L’ibrido piace: in pool o assegnato, meglio se non occorre ricaricarlo “alla spina”

La survey, come lo scorso anno, ha preso in considerazione anche l’offerta di mobilità ibrida per le flotte aziendali. I dati dimostrano che questa formula viene già oggi considerata un’alternativa concreta ai motori tradizionali: le Full-Hybrid convincono maggiormente rispetto alle Phev, perché non occorre “ricaricarle alla spina”, mentre scarso interesse riscuotono le Mild-Hybrid. Quasi il 90% delle auto ibride viene assegnato in fringe benefit. L’interesse per questa tecnologia appare evidente anche analizzando le prospettive di acquisto per i prossimi 12 mesi: il 40% del panel è convinto di aumentare il numero di questi veicoli in flotta contro il 33% del 2018.

Leggi l’articolo “Auto aziendali ibride cercasi”

I vantaggi dell’ibrido, nella percezione dei fleet manager, sono gli stessi dell’elettrico (se si esclude il saving sui costi di carburate), anche se il taglio delle emissioni viene indicato solo dal 53% del campione.

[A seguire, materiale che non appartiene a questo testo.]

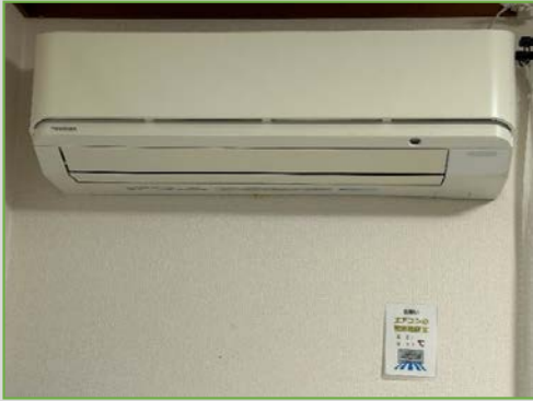
エアコン温度の設定
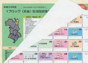
区域別収集日程カレンダー

資源品目別戸別収集開始に伴い、収集日が変更になります。詳しくは、平成24年3月頃配布いたします「区域別収集日程カレンダー」でご確認ください。
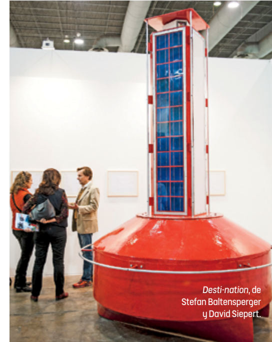
Desti-nation, de Stefan Baltensperger y David Siepert.
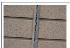
コーキングの劣化
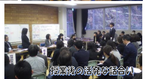
授業後の活発な話し合い
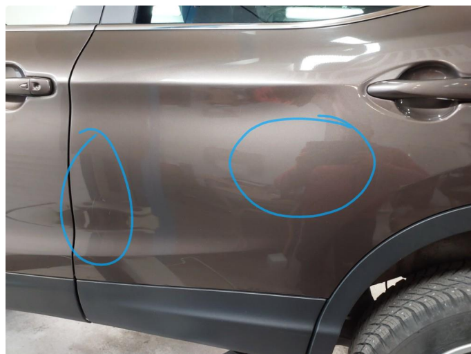
1.2 Ripe ned til grunning
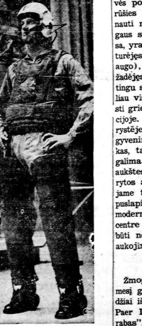
Nauji kostiumai suprojektuoti JAV kariams Vietname, skraidantiems helikopteriais. Kostiumai turi ant kojų, krūtinės ir nugaros šarvus, galinčius apsaugoti nuo kulku ir skeveldrų.

De Gaulle iš Sov. Sąjungos grįžo gyvas, bet daug ten besisvečiausių grįžo grabuose. Dimitrovas, Bulgarijos premjeras, grįžo grabe. Bierutas, Lenkijos prezidentas, grįžo grabe. Gotwaldas, rytinės Vokietijos premjeras, grįžo grabe. Togliatti, Italijos komunistų vadovas, grįžo grabe. Thorez, prancūzų komunistų vadovas, mirė vos grįžęs. Shastri, Indijos premjeras, grįžo grabe.
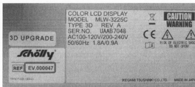
Rysunek: Tabliczka znamionowa na tylnym panelu monitora.
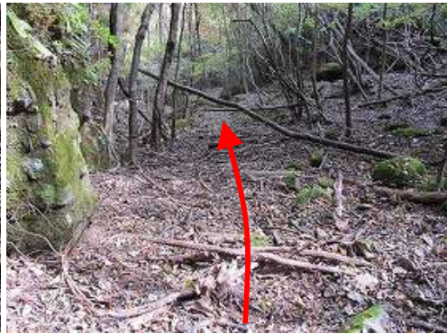
荒れた自然歩道を探しながら進む。
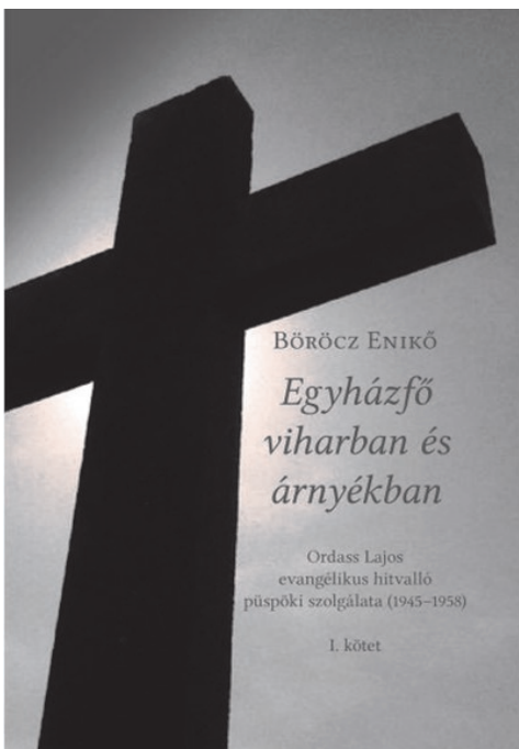
Dr. Böröcz Enikő: Egyházfő viharban és árnyékban Ordass Lajos evangélikus hitvalló püspök szolgálata (1945–1958) I. kötet

„Ha valaki erősebben meg tud állni a viharban, az nem jelent különösebb érdemet, inkább Isten kegyelmének nagyságát kell az illetőnek meghátralnia.”
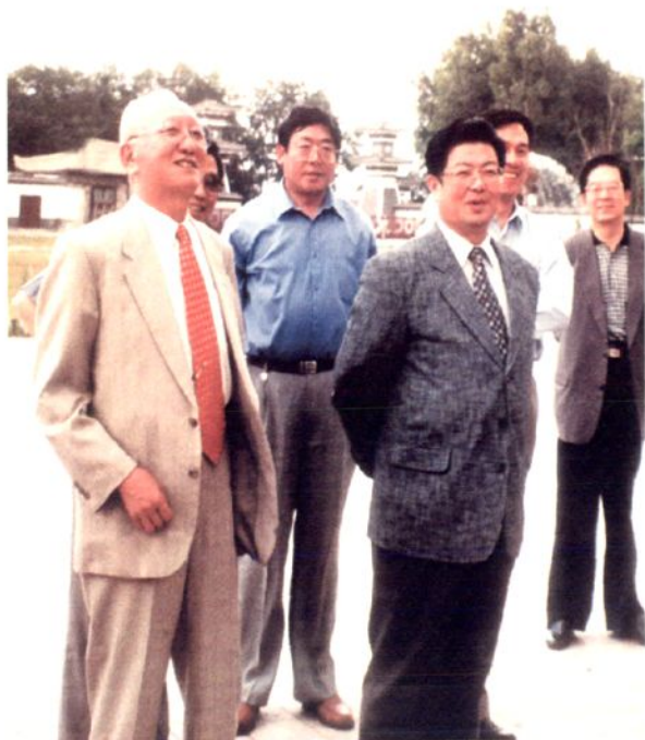
管理局局长崔运来（左二）陪同全国人大副委员长、中华全国总工会主席王兆国（左三）视察工作

Percentuali più alte registrano le agevolazioni nella circolazione (70%).

I manager che restano scettici nei confronti dell’ibrido evidenziano la scarsa convenienza nei percorsi autostradali (risposta indicata dal 36% dei fleet manager) e i canoni ancora troppo alti (36%). La mancanza di infrastrutture di ricarica (27%) resta un ostacolo forte per la diffusione delle Phev.

Per quanto riguarda le dotazioni di strutture di ricarica da parte delle aziende, rispetto al 2018, si registra una crescita di 10 punti percentuali (dal 46% al 56%) delle imprese che hanno installato soluzioni di ricarica presso la propria sede e di ben 20 punti percentuali (dal 63% all’84%) di quelle che hanno stipulato accordi con le utility dell’energia.